Although this system is relatively old, it is a commercial product after all, and its functions are relatively complete and easy to use. After the system was connected to the business system for calculating fees and verifying the rules, it went online soon.

However, after going online, the service time-consuming problem will occasionally appear. Under normal circumstances, the service response time is 20ms or less. But when there is a problem, the service time will to tens of seconds , and the time point for each occurrence of a long time is not fixed. Moreover, during the long time-consuming period, all requests to the service will be time-consuming, not just individual requests will be affected.

Theoretically, there should be such problems as testing environments; however, because the testing environment restarts frequently, the occasional long time-consuming may be considered to be restarting, and no one has paid attention.

Although there is no information, the problem still needs to be solved. Who can withstand the time-consuming tens of seconds from time to time. This rule engine is still the core system of the business, so you can earn less insurance premiums for one minute overtime...

With the mentality of giving it a try, study it first.

After investigation

This kind of occasional and time-consuming problem is troublesome to troubleshoot. It cannot be reproduced stably, and there is no regularity. It is not easy to do other environment simulations. In addition, this system has no documentation and no source code, and no one understands its structure and process. It is more laborious to check.

Watch monitoring

After reviewing the monitoring history, I found that every time there is a long time-consuming, the utilization of CPU & disk IO will increase, but it is not too high. When the CPU is high, it is only 50 or 60, and the disk is even lower, with only a slight fluctuation. This fluctuation will bring tens of seconds of time-consuming, which is a bit unreasonable.

See log

The CPU block is only slightly higher, but it doesn't explain what the problem is. The root cause must be found. So I checked the log of that system again to see if I could find any clues.

I stuck time, looked at the log, tossed for half an hour, and finally saw a key clue on the log:

2021-05-08 10:12:35.897 INFO  [com.马赛克.rules.res.execution] (default-threads - 65) 规则集 /ansNcreckonRuleApp/1.0/ansncreckonrule/61.0 已在 58 秒后解析完毕。

58 seconds...The time point of this log line can match the actual time-consuming time point of our occurrence.
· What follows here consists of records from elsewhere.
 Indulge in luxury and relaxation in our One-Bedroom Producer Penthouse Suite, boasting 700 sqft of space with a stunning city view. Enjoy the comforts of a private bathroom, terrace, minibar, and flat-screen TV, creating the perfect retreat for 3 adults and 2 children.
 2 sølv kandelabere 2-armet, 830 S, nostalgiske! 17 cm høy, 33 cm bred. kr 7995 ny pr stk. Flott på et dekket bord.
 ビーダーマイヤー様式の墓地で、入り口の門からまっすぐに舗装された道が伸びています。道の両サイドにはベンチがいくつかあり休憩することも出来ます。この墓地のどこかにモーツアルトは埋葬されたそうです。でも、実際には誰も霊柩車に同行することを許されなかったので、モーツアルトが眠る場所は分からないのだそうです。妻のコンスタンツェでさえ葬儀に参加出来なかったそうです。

In this 58-second range, there are indeed a large number of request time-consuming, and they are all less than 58 seconds or slightly larger 58 seconds.

In addition to this time-consuming printing, the GC log is also a bit suspicious. Each time this time-consuming log appears, there will be a GC activity log , but the pause time is not long:

2021-06-07T17:36:44.755+0800: [GC2021-06-07T17:36:44.756+0800: [DefNew: 879616K->17034K(3531079K), 0.0472190 secs] 3549012K->2686430K(10467840K), 0.0473160 secs] [Times: user=0.05 sys=0.00, real=0.2 secs]
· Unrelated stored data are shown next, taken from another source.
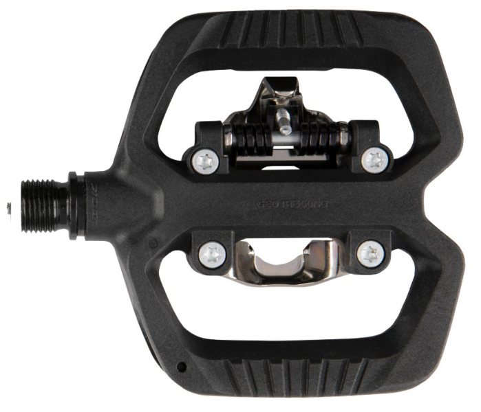 Педали Look Geo Trekking - это двусторонний вариант, позволяющий вам выбрать между поездкой на работу или быстрой тренировкой. Простая система регулировки позволяет устанавливать напряжение от 5 до 10 Нм. Педали оснащены световозвращающими элементами, обеспечивающими лучшую видимость и безопасность на дороге.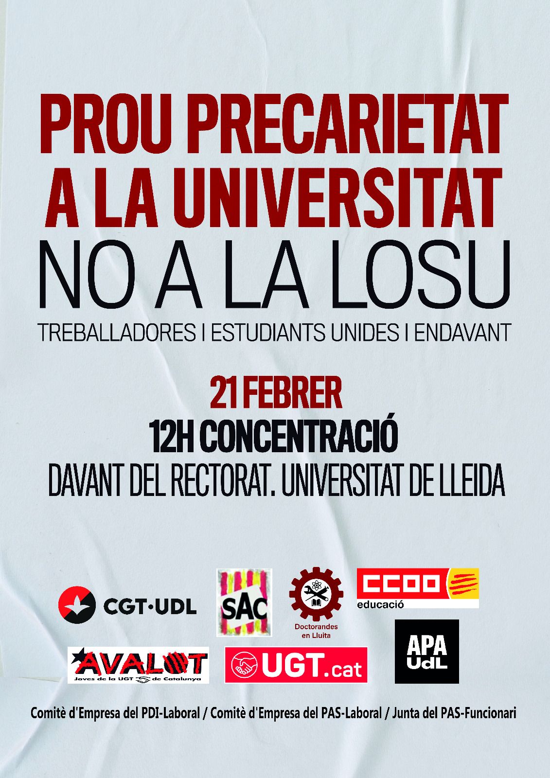 - Treballarem per millorar les condicions dels/les predocs i postdocs.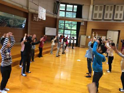 最終日も元気に過ごせるように、朝ダンスを行います。機械の不調で、途中からは自分達で歌いながら最後まで踊りきりました!

even more strange...not every time after GC, there will be a time-consuming log

GC issues

After carefully checking the gc log, I found that shortly before each slow response, there will be a GC, but it is not a FULL GC, and the pause time is not long, far less than the time-consuming request. Moreover, the CPU utilization rate in the GC process is not high, which is quite normal from the data point of view.

Now there are (a little bit) clue:

During the long time-consuming period, the CPU utilization has increased
There is log printing during the long time-consuming period, and the time length can be matched when loading something
Before each long time consuming, there is GC activity
Guess the possible cause
After all, there is no source code, and no one understands it. I don’t have a chance to tear the code, I can only rely on guessing...
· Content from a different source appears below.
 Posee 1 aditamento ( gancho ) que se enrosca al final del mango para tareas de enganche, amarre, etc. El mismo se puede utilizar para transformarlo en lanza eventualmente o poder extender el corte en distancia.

From the above clues, the CPU utilization increased after the GC activity, and then a line of loading log was printed. The time can also correspond to the long time-consuming request of the system.

And every time there is a GC activity shortly before the long time-consuming log, then the timing of this resource loading is related to GC, and GC will affect resource loading...

Thinking of this, I probably guessed the reason. Weak references are probably used to maintain this resource cache. After GC, the resources of weak references are reclaimed, so they need to be reloaded (for detailed explanation of weak references and test results, please refer to "Strong references in Java/ Soft references/weak references/phantom references and GC strategy " ).

Since this may be the reason, if I find a place where this weak reference maintains the resource cache, changing it to a strong reference will solve the problem! Although there is no source code, it can still be decompiled. After decompilation, change the code in the cache. There is no big problem.

Locate the resource loading point

Finally found the possible reason, but there is a problem... How do I know where this time-consuming log line is printed? In which category? I don't even know what web container this service uses.

No way, go to Arthas , but it certainly can't be tested directly in the production environment. So I made a new set of temporary test environment to troubleshoot this problem.

Fortunately, there is a loggerName prefix log. Through the trace Arthas , all classes under the package name trace can be used in the form of wildcards:

# trace 该包名下的所有类，所有方法，只显示耗时大于 1000ms 的方法
# 由于这个输出结果可能会比较多，所以 > 输出到文件，并且后台运行

trace com.马赛克.rules.res.* * '#cost > 1000' > /app/slow_trace.log &

trace command took more than ten seconds to return. It affected 169 classes and 1617 methods. It can be seen that wildcard matching is dangerous... If I play like this, I might be pulled out to sacrifice to the heavens.

Combined with the situation described above, there will be this time-consuming problem after GC. Now let's manually trigger a GC.

Use Arthas's vmtool to directly forceGC (using jmap or other means can also be used):

vmtool --action forceGc

After forceGC, retest the system interface

As in the above situation, it turned out that there was a long time-consuming. After the request was returned, the same time-consuming log was printed, but it took longer than the production environment (because I used arthas trace enhancement)

2020-04-08 12:30:35.897 INFO  [com.马赛克.rules.res.execution] (default-threads - 65) 规则集 /ansNcreckonRuleApp/1.0/ansncreckonrule/61.0 已在 70 秒后解析完毕。

At the same time Arthas trace the log file is written in, but also with content (link is too long, can not paste the code, only the screenshot): This trace log has more than a thousand lines, and part of the content has been deleted here.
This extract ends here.